Of all the people analyzed by the ST technique, the majority are local to a state, and the others identify their location in relation to a municipality.

As already stated, in order to evaluate the ST performance, the location information of the users who had configured their locations (18% of the all users analyzed) was compared with the results obtained by the ST technique. Thus, of these 17.99% (1,444 users), a total of 1,343 users (93.005%) had their geographical location correctly determined by the performed ST technique.

B. Topics/Subtopic Identification by NLP

In this subsection, the experimental results regarding the topic and subtopic identification are presented.

For this task, the complete dataset of the study was used. The 10-fold cross validation was used during both the training and testing phases. For the topic identification, the dataset was used and split into 80% for training and 20% for testing.

The DBN configuration used in this work consists of four layers, in which the unit numbers of each layer are 2000-1000-500-6, running for 1000 pre-training epochs, and considering a learning rate of 0.01. For the L-BFGS algorithm, a penalty factor and the number of previous computations , introduced in (3), were set to 2 and 6, respectively.

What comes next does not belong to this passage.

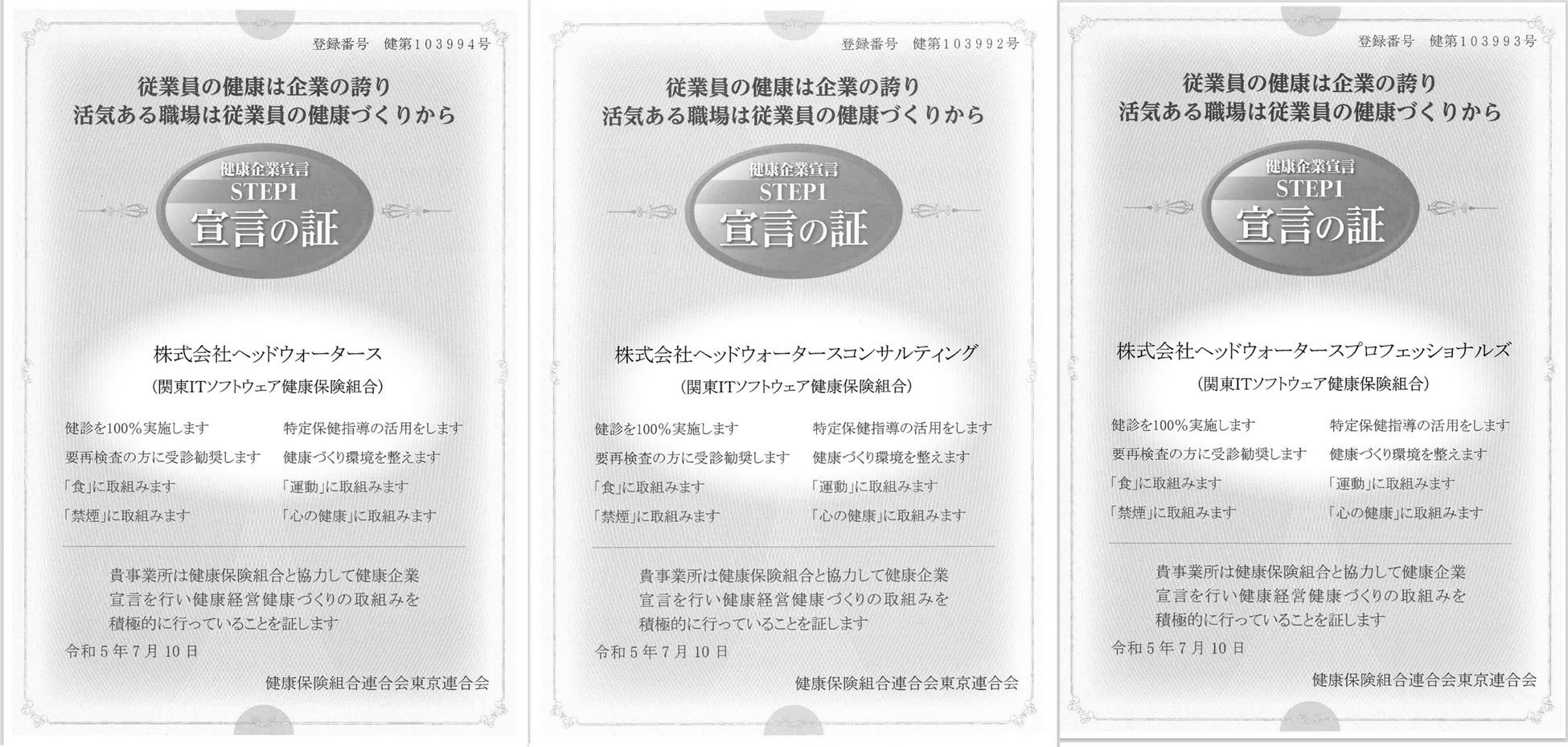 ヘッドウォータースグループは「健康経営」(※1)を掲げておりますが、社員も当事者意識を持って健康管理や働きやすい職場環境作り(※2)を推進しております。今回の健康企業宣言における改善施策についても、社員の一人一人が責任を持って取り組み、健康企業として「銀の認定」の取得を目指して参ります。

Table 3 shows the average results for accuracy, sensitivity, F-measure, and G-mean for the classification of all topics in the training and testing phases. As mentioned above, the topic identification consists of ten predefined classes: family, love, religion, study, work, friendship, politics, nature, entertainment, and health. Due to the high number and diversity of subtopics in all regions, these are not presented, and only the COVID-19 subtopic is analyzed.

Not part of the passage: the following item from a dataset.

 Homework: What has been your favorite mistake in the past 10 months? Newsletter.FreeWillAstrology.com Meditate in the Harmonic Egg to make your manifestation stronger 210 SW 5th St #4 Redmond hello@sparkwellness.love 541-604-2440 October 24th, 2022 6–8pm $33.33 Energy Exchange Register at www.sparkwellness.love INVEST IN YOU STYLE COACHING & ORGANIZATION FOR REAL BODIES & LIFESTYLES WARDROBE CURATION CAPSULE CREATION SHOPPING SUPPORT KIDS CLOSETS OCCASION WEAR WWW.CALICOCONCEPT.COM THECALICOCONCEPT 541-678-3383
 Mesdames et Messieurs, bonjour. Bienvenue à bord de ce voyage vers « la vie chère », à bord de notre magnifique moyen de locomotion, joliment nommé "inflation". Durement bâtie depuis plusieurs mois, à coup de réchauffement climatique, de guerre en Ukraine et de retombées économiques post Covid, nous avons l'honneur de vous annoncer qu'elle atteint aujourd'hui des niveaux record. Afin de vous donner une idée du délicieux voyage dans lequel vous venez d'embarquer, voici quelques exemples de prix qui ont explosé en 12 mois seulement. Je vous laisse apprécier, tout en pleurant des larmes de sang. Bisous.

TABLE 3. Accuracy, Sensitivity, F-Measure, and G-Mean Results for Topic Identification by NLP in the Training/Testing Phase.

Class	Accuracy	Sensitivity	F-measure	G-mean
family	0.90/0.89	0.92/0.92	0.90/0.90	0.90/0.90
love	0.89/0.88	0.91/0.90	0.89/0.88	0.89/0.88
religion	0.92/0.91	0.91/0.90	0.91/0.90	0.91/0.90
study	0.91/0.90	0.91/0.90	0.91/0.90	0.91/0.90
work	0.89/0.88	0.90/0.89	0.89/0.88	0.89/0.88
friendship	0.89/0.87	0.90/0.87	0.89/0.87	0.88/0.87
politics	0.91/0.90	0.91/0.90	0.91/0.90	0.90/0.89
nature	0.88/0.87	0.89/0.88	0.88/0.87	0.89/0.88
entertainment	0.87/0.85	0.89/0.88	0.87/0.86	0.89/0.88
health	0.93/0.92	0.92/0.91	0.92/0.91	0.90/0.89

Regarding the subtopic classification, Table 4 shows the average values of the following performance metrics: accuracy, sensitivity, F-measure, and G-mean for the subtopic identification in the training and testing phases.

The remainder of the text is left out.